My point is that we have serious racial issues in this country, and the conviction of Derek Chauvin, while absolutely necessary to any semblance of justice at all, will do nothing toward addressing the broader disparities outlined above.
And yet, it is and has always been my thesis that as horrible as America’s racial issues are– and they are horrible– they are ostensibly part of a broader distraction by which the tiny number of truly powerful people (they are also super-rich, because money and power are now synonymous in the American system of government to the highest bidder) manage to continue to execute a 400 year old “divide and conquer” technology.

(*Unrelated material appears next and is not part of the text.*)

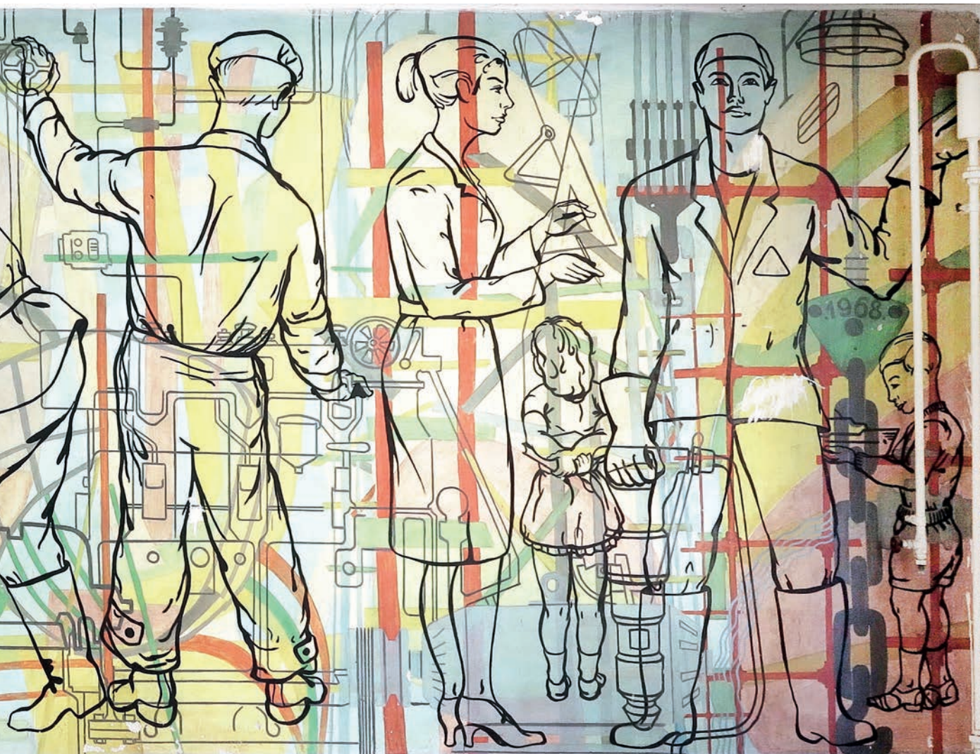
Zidna slika u Grebenu

Bosnić je dobar u osmišljavanju prizora izborom i oblikovanjem elemenata, u senzibilnom slikanju s dobro odmjerenim slaganjem boja te u dobrom crtežu koji je blizak jasnoći onovremenih knjiških ilustracija.

This is why time and again, it seems almost impossible for Americans to obtain “class solidarity” across racial lines.
And of course, while it’s obvious that this is the stock and trade of the Republicans, the more right wing of the two right-wing parties in the American political duopoly, do not be fooled for one second that the Democrats are not playing the same game. And not just the obvious support for mass incarceration, the war on drugs, increased funding of ever more violent police and other policies that invariably are enforced on a racial basis, but right now, I submit to you that black people would benefit dramatically from policies such as an increased minimum wage, student loan forgiveness, universal health care, and while we’re at it, increased education funding (and detached from local property taxes), and more widely available child care provisions. The problem with those things isn’t that they would benefit communities of color: it is that they would (1) engender actual change and possible social mobility that might ultimately threaten the powerful and (2) cost the already affluent money that the Democratic donor base is simply not willing to spend. Fighting the culture wars, including giving lip service such as putting a “Black Lives Matter” sign on your lawn (perhaps in the Hamptons or on Martha’s Vineyard) is just so much cheaper.

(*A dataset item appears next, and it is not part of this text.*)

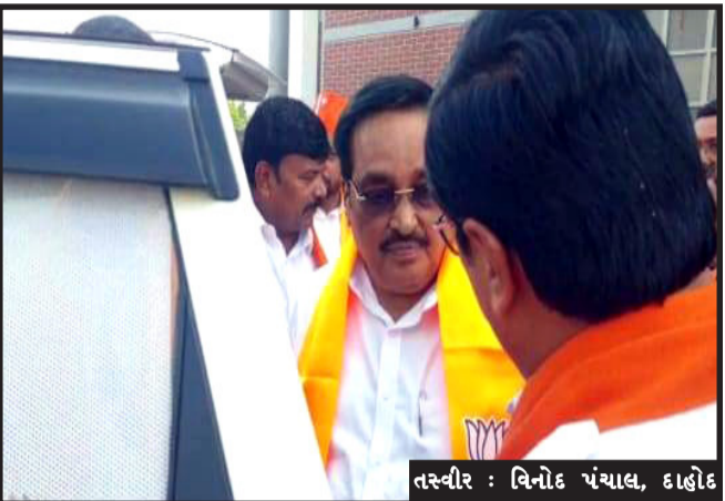
તસ્વીર : વિનોદ પંચાલ, દાહોદ

પ્રમુખ સી.આર.પાર્ટીલ તાબડતોડ દાહોદ જિલ્લાની મુલાકાતે ઘોડી આવ્યા હતા અને કમલમ ખાતે ખાનગી મિટિંગ મારફતે નારાજ કાર્યકર્તાઓને મનાવવા માટે પ્રયાસો હાથ ધરી કેમેજ કંટ્રોલના અંતિમ પ્રયાસો કરતા મળ્યા હતા. ગુજરાત વિધાનસભાની ચૂંટણીને હવે ગણતરીના દિવસો બાકી રહ્યા છે. ત્યારે દાહોદ જિલ્લામાં સમાવેશ કુલ છ વિધાનસભા બેઠકો પર આઈબીના રિપોર્ટ પ્રમાણે પાંચ વિધાનસભા બેઠકો પર કોંગ્રેસ અને આમ આદમી પાર્ટી વચ્ચે સીધી ટક્કર જોવા મળી રહી છે. તેમ હાલના તબક્કે કહેવાય રહ્યું છે. સાથે સાથે ટિકિટોની વહેંચણી બાદ અસંતુષ્ટો

And so you see where I’m going: we are an insanely racially divided country, but now, it seems to be a bipartisan value to exploit this. That way, we remain a country without social mobility or anything that might threaten the ruling class (while the “middle class,” now representing perhaps the 80th to 98th or 99th income/wealth percentiles desperately clings to the privileges that they still have, while the 1%, and especially the tiny fraction at the top of the 1%, pretty much sucks all the gains that the economy and the society have to offer, while the lower 80% falls further and further behind; lather, rinse, repeat, etc.)
Isn’t all that wonderful? So while I am more than glad to see that Mr. Chauvin is not excused for a cold blooded murder just because he is a police officer and will get the long prison sentence he deserves, I recognize that this is just one tiny piece of a rather unattractive puzzle of the American… thing. This has been… “Unusual conviction of the plague year.”